We split into 2 groups to hitch back into town and were back in a few hours, no problem. The girls hiked out to the highway to try to squat an abandoned house for the night but ended up just crashing in the bushes and hitching in the morning. Evileyednick and I watched Rambo and slept in, we made it to the highway and got picked up by a German kite surfer guy who dropped us in Davenport. We waited a bit with our signs (one saying “OY VEY!”, the other saying “THE BAY!”) We got picked up by this couple, the guy had just gotten back from Indonesia. Turns out he stayed at the house I lived at in Eugene for 6 months and knew some of my good buddies. Small world shit. 

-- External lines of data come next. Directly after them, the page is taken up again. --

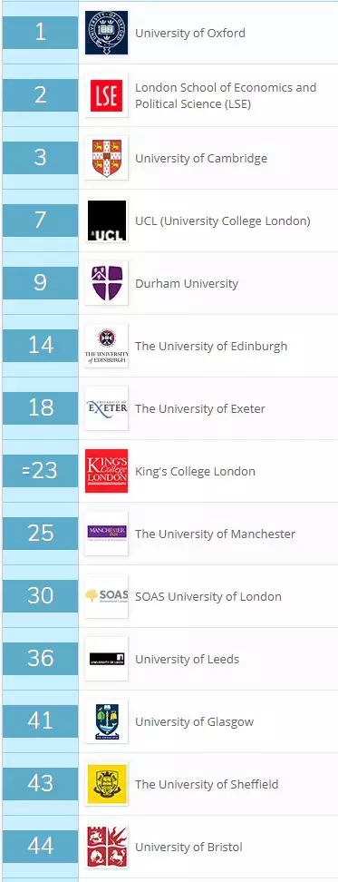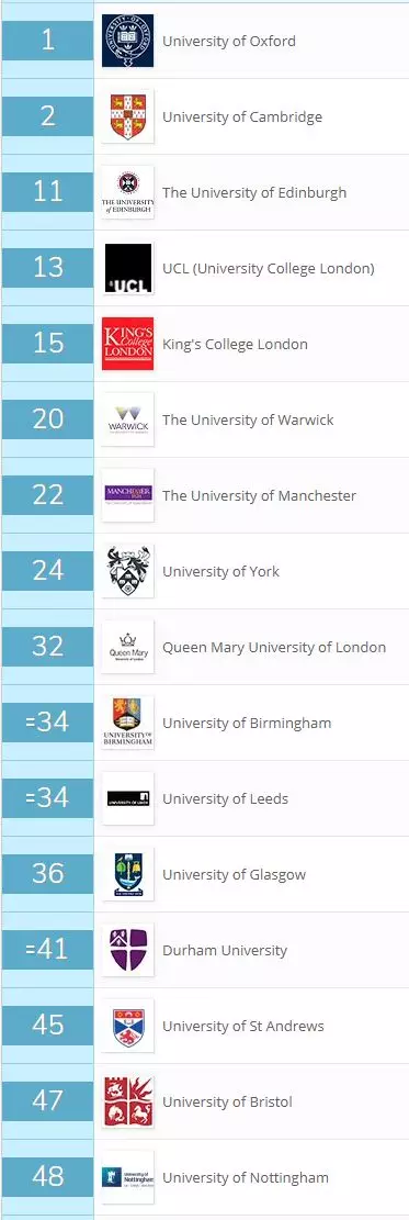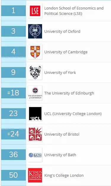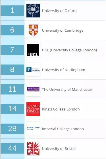 在QS世界大学的学科排名中,英国共有7所大学挺进世界TOP50。其中,英国剑桥和牛津大学, 伦敦大学学院分别位列世界第一,第二以及第五,表现亮眼。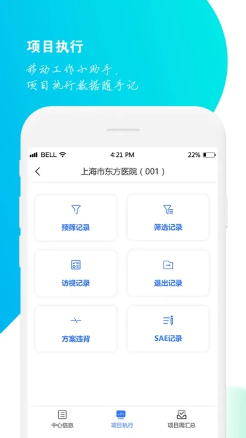 1)为SMO企业临床试验项目提供项目执行数据采集,方便项目执行人员随时随地录入项目数据,避免数据遗漏,提高工作效率;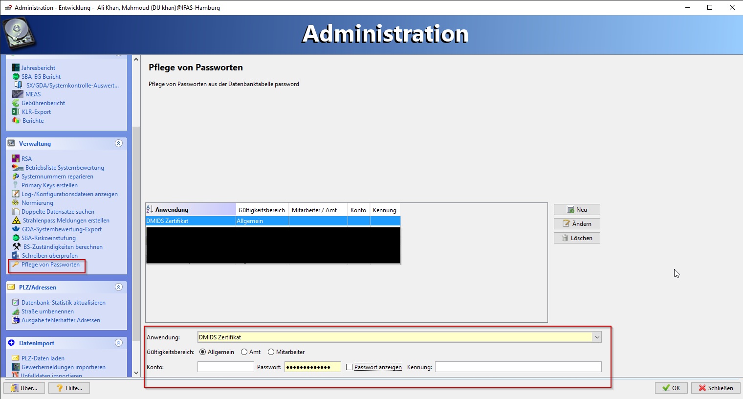 Neben der Passphrase für den Keystore müssen sowohl Nutzername und Passwort für das DMIDS Portals, als auch die Passphrase des Zertifikats (NICHT das Passwort des DMIDS Portals) im Admin Modul im Unterpunkt "Pflege von Passwörtern" hinterlegt werden. Hierzu können Sie auf der Schaltfläche "Neu" ein neues Passwort einpflegen.
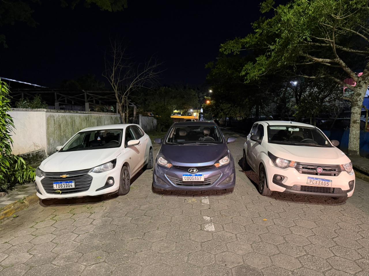 O Mobi ostentava placa de outro veículo e ainda terá a sua procedência apurada, enquanto o HB20 e o Onix são produtos de furto. Com a condução dos acusados à delegacia, os investigadores localizaram um caminhão durante a madrugada.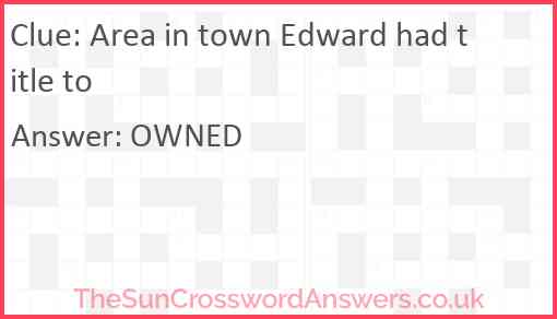Area in town Edward had title to is a crossword clue for which we have 1 possible answer and we have spotted 1 times in our database. This crossword clue was last seen on 16 June 2020 in The Sun Cryptic Crossword puzzle!

We got to Oakland on the BART and I caught a bus to Berkley, evileyednick went to his friends’ house there. I ended up walking back to Oakland to meet up with monster and j-spot at hellarity where we hung out with some cool kids. J-spot went to bed early but monster went on a crazy ass trip to the burbs to pick up a friend of ours just in from Portland. The next day we got up and out, got some food and said goodbye to j-spot and justin. We hit the onramp with an I-5 sign from Oakland. 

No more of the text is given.